Originally published on 1Sun4All.
Clemson University from South Carolina is benefiting from the past by using a classic construction technique to build their net-zero energy Indigo Pine competition house for the U.S. Department of Energy Solar Decathlon 2015. The team says the house embodies the history of South Carolina while looking to the future of sustainability. Like a traditional Southern house, the house will have a porch, it will be an integrated part of the whole and the ceilings are gabled, even though the roof is flat.
Indigo Pine will look unlike any house before; however, it will be as welcoming and familiar as any traditional South Carolina home. Ernie Tucker, a member of the Energy Department’s Solar Decathlon communications team brings us the rest of the story.
In South Carolina and much of the United States, homes are typically constructed using lightwood stick-framing methods that use small, light pieces. We looked at these techniques but found they required experienced labor and created potential safety hazards with nail guns and construction high on ladders. –Lauren Kenner, an architecture graduate student who was part of the group’s early design team.
So the team came up with a unique solution. It created a construction system called SimPly, which uses a computer numerical control, or CNC, wood router to cut pieces. The SimPly construction method employs traditional mortise and tenon joinery—with the tenon tongue fitting into the mortise cavity. It’s a widely used application to join pieces of wood, particularly at 90° angles.
As a result, the structure of the house can be assembled without the use of power tools or cranes—something the team believes is an environmental benefit. Hazards are also minimized.
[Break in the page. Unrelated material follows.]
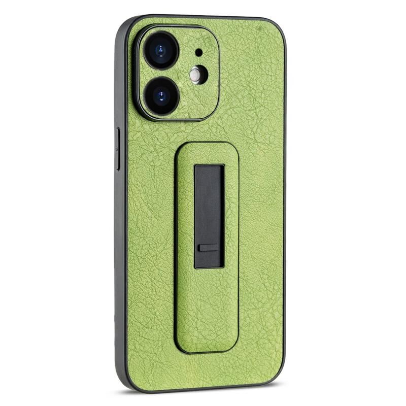 For iPhone 12 PU Leather Push-pull Bracket Shockproof Phone Case(Green)

It looks like a 3-D puzzle when the pieces are laid out. –Lauren Kenner.
The 1,000-ft2, three-bedroom house reflects the team’s Clemson, South Carolina, heritage—indigo is a famous dye from the state, and pine is a plentiful material used in the state for generations.
The team will construct Indigo Pine “East” in early spring. Yet, because of the SimPly system, computer plans for the house—rather than building materials—can be shipped anywhere. Parts can then be manufactured at any site using local materials.
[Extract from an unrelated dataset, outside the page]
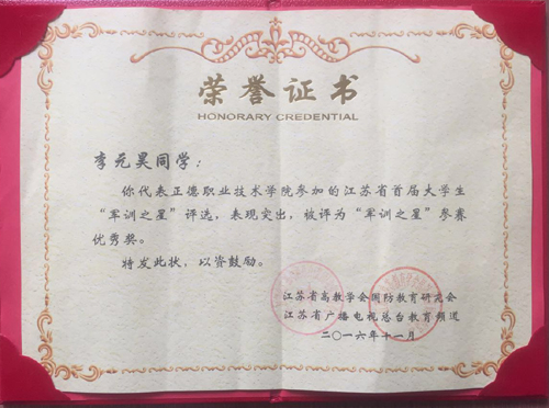 为期近两个月的江苏省首届大学生“军训之星“评选活动于11月27日在江苏广电总台教育频道演播大厅举行盛大的颁奖典礼。江苏省教育厅朱卫国副厅长、江苏省高教学会国防教育研究会刘波理事长参加了本次典礼,色情视频 学生李元昊同学获得了”军训之星优秀奖”,同时学院也获得“优秀组织奖”。

That’s how the Clemson team will assemble its house—Indigo Pine “West”—at the Solar Decathlon 2015 competition site in Irvine, California. Working with a partner company in California, the decathletes will email their files and then pick up the pieces in the Golden State—no shipping required. Although they won’t have to truck wood across the country, South Carolina’s yellow pine will be there in spirit.
Other parts, such as windows and fixtures, will be the kind you can get from a store like Home Depot. –Lauren Kenner.
To secure the structure of the house, the team will use stainless steel zip ties. Teammates at Clemson’s Charleston campus will design and craft custom cabinets to define space within the open interior of Indigo Pine and reflect traditional South Carolina vernacular style.
The concept for SimPly sustainable housing won’t end when Solar Decathlon 2015 is over. Kenner says one of the team’s ideas is to develop kits so that people all over the world can buy ready-to-assemble housing from stores in their own country.
Thinking about attending Solar Decathlon? This year’s competition is scheduled to take place at the Orange County Great Park in Irvine, California from October 8 through October 18.
The Solar Decathlon competition houses will be open to visitors — free of charge — from 11 a.m. to 7 p.m. daily on eight days over two weekends:
- Thursday, October 8–Sunday, October 11, 2015.
- Thursday, October 15–Sunday, October 18, 2015.